Resenha – Carta a D.
por Juliana Costa Cunha
em 25/02/19

Nota:

Eu ganhei este livro de presente da querida Wal Bittencourt que tem dois IGs lindos que valem o olhar carinhoso de vocês – o Escrevências Inventosas e o Amor Pela Literatura. Antes já tinha lido sobre o livro em diversos canais literários e, confesso, tinha algum receio pela unanimidade sobre este livro ser lindo e maravilhoso. Estava errada.

Em Carta a D., André Gorzs, faz uma declaração de amor a Dorine, sua companheira da vida toda. E não é segredo para ninguém que estes companheiros decidem dar fim às suas vidas, tendo em vista o avançar de uma doença terminal em Dorine. Está aí um de meus receios ao ler este livro. Achei que ele poderia descambar para o piegas. Mas, novamente, estava enganada.

André Gorz é considerado uma das figuras mais importantes do movimento de Maio de 68 em Paris e grande defensor do marxismo-existencialista. Dorine, esteve ao lado dele e, em muitas vezes, à sua frente para colaborar com seu processo criativo. Um não existia sem o outro, na vida amorosa e intelectual. E é assim que Gorz dá início à sua carta. Faz uma mea culpa das vezes em que narrou Dorine como uma figura secundária em sua vida quando, na verdade, sempre houve muito dela em tudo o que ele fez na vida.

Nesta carta testamento, Gorz se redime do fato de ter se utilizado de sua figura masculina muitas vezes para suplantar a força e a grandeza da existência de Dorine em seu processo criativo. E faz também uma narração dos momentos vividos pelo casal ao longo de toda a vida. A vida dura nos primeiro anos. A falta de recursos financeiros. E em como tudo isso foi se transformando em uma cumplicidade única entre o casal.

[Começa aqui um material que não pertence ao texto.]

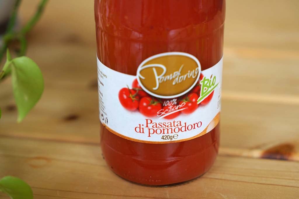 自然豊かなイタリアで育った完熟トマトを裏ごしして、自然のままに瓶詰めしてお届け。
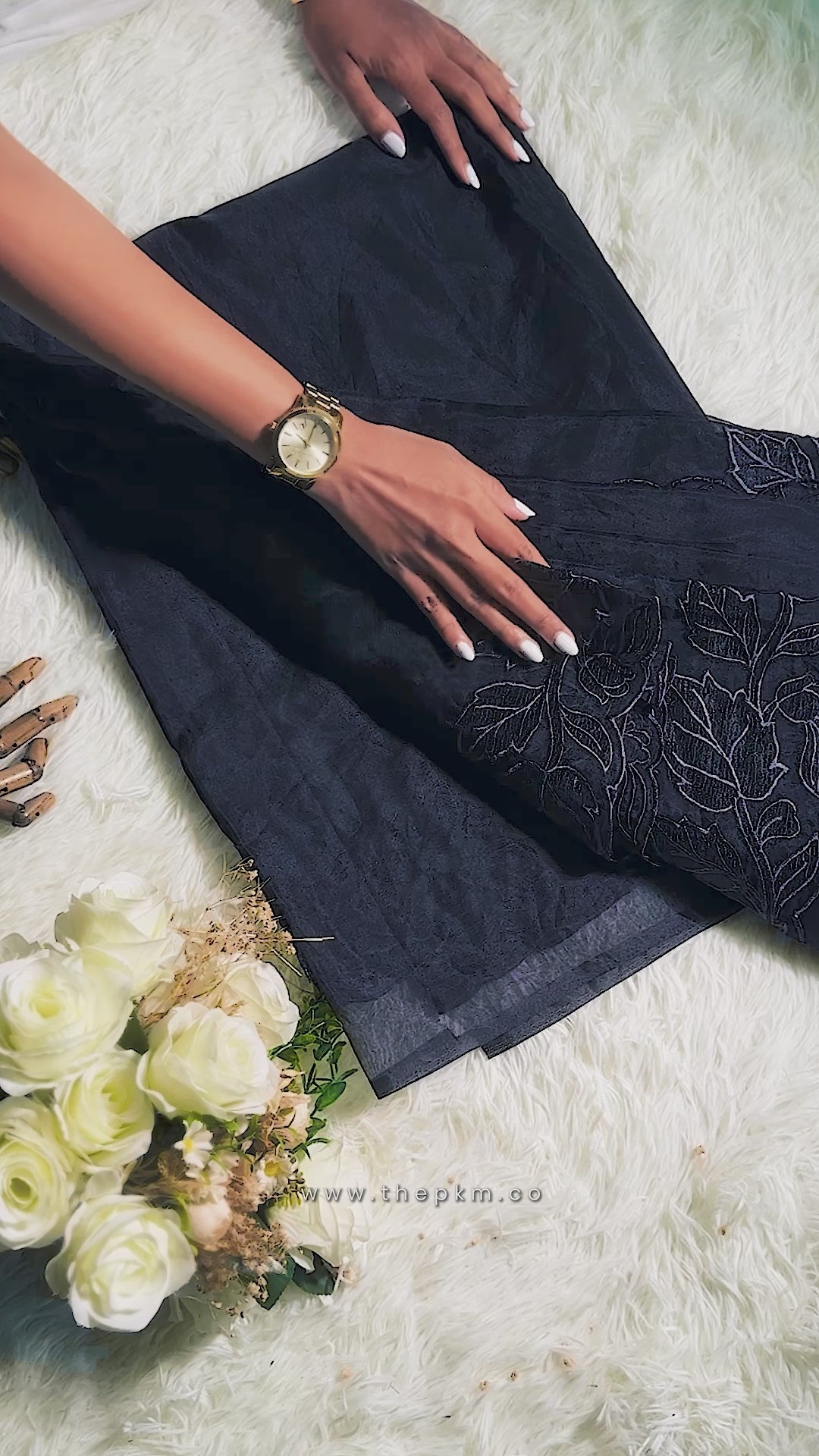 • The Pallu: A seamless Midnight Blue Pallu that flows naturally from the body, maintaining the saree's monochromatic and airy aesthetic.
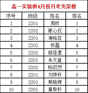 芳菲四月,为检验并了解本月学生的学习情况,帮助教师了解一个月来学生的学习成果,为以后的教学进行有效指导,我校于4月19日组织了本学期第二次实验班月考。为了总结经验、表彰优秀,进一步激发学生的积极性,我校对本次月考年级前十名的同学进行了表彰。
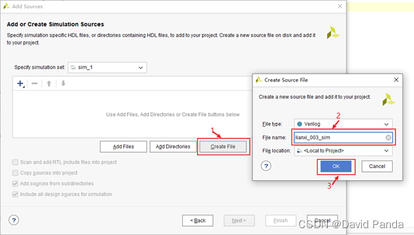 ②点击“Create File”,在弹出的对话框中给仿真源文件命名(命名规则与设计源文件一致),点击“OK”继续。
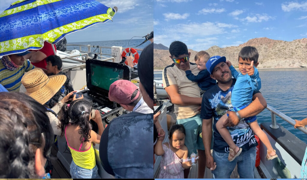 But what made the day truly special was what happened just offshore. Working with local fishers, youth, and conservation partners, our team used the Flyer’s Remotely Operated Vehicle (ROV) to explore nearby refugio sites—part of a promising effort to restore the Gulf’s marine ecosystems after decades of overfishing. The currents were strong, and the ROV had some hiccups, but thanks to skilled piloting and strong local collaboration, the team captured exciting footage at La Brecha, a site that showed clear signs of ecological recovery.
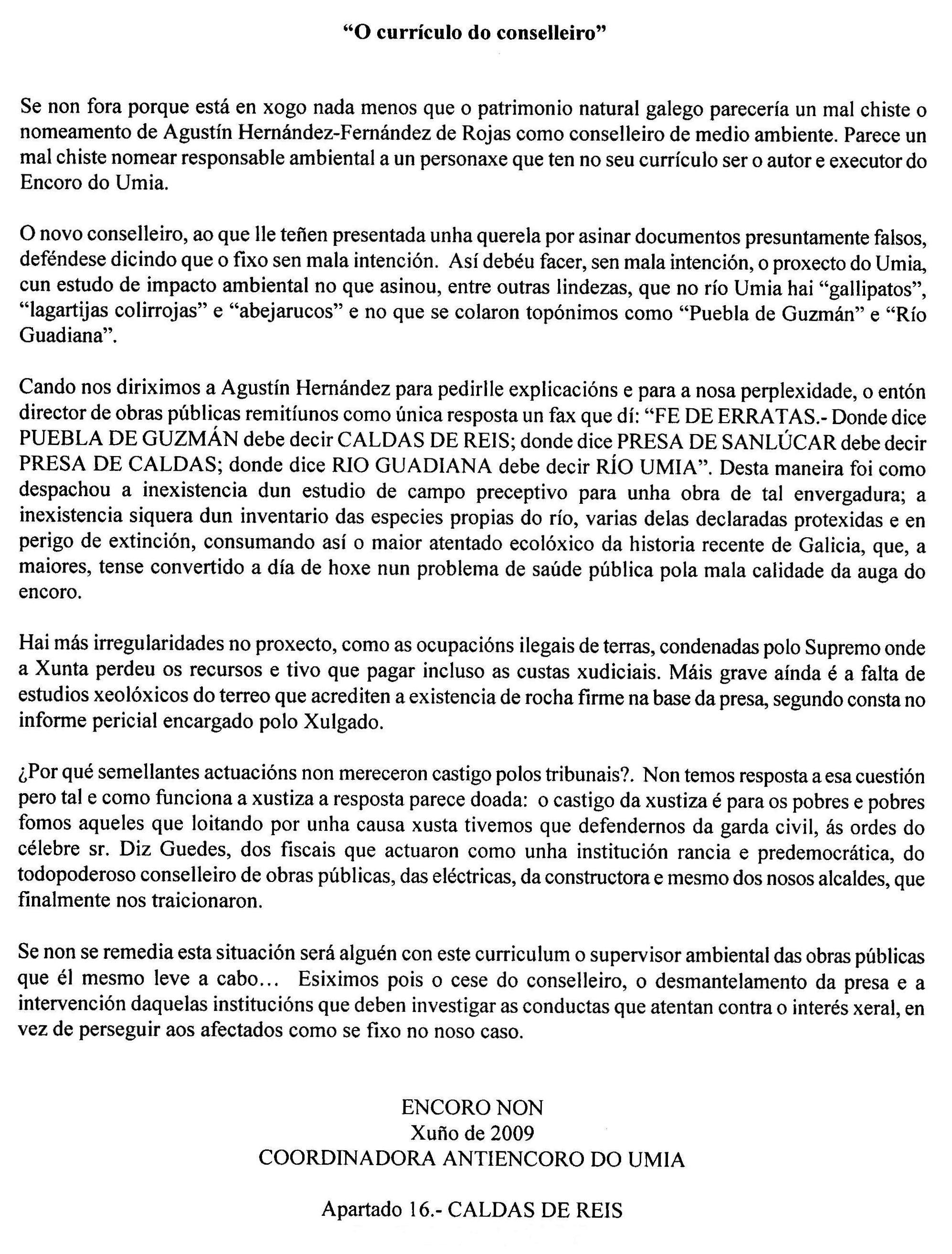 nada profesional e penoso, cando analizou o impacto ambiental do encoro do río Umia no
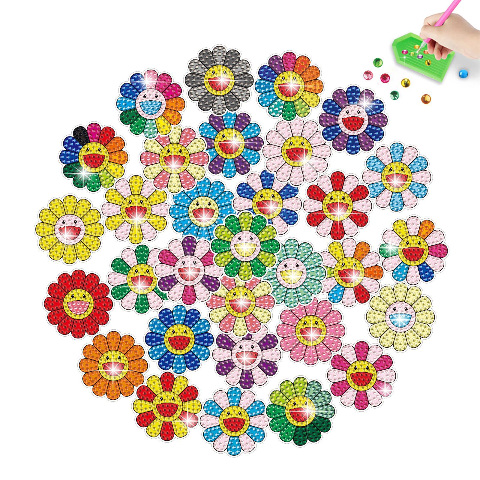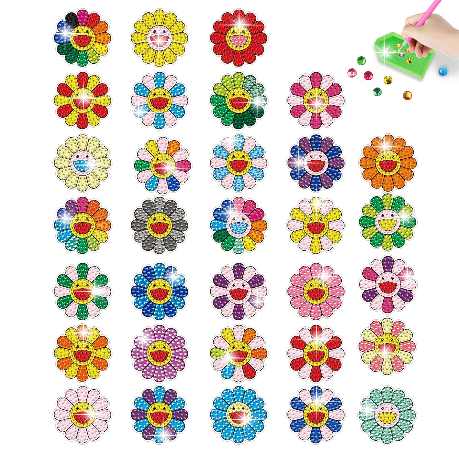 Ventas calientes de dibujos animados pegatinas de flores de diamantes dibujos hechos a mano diy aleatorios pegatinas de ladrillo pintura de piedra pegatinas de pared cristal brillante pegatinas de diamante

O adoecimento de Dorine faz com que ambos buscassem outras formas de experienciar a vida. Buscaram uma vida mais tranquila e com mais contato com a natureza. E com o agravamento da doença chegam à conclusão da escolha pela morte.

É um livro que nos apresenta muito amor, troca e cumplicidade entre um casal. Mas também nos fala de existência, de identificação com uma causa, com escolhas de modos de vida e também de morte. Eles não acreditavam na vida eterna. E não foi por isso que escolheram morrer. A escolha se deu pela certeza de que não poderiam seguir sozinhos. Um sem o outro.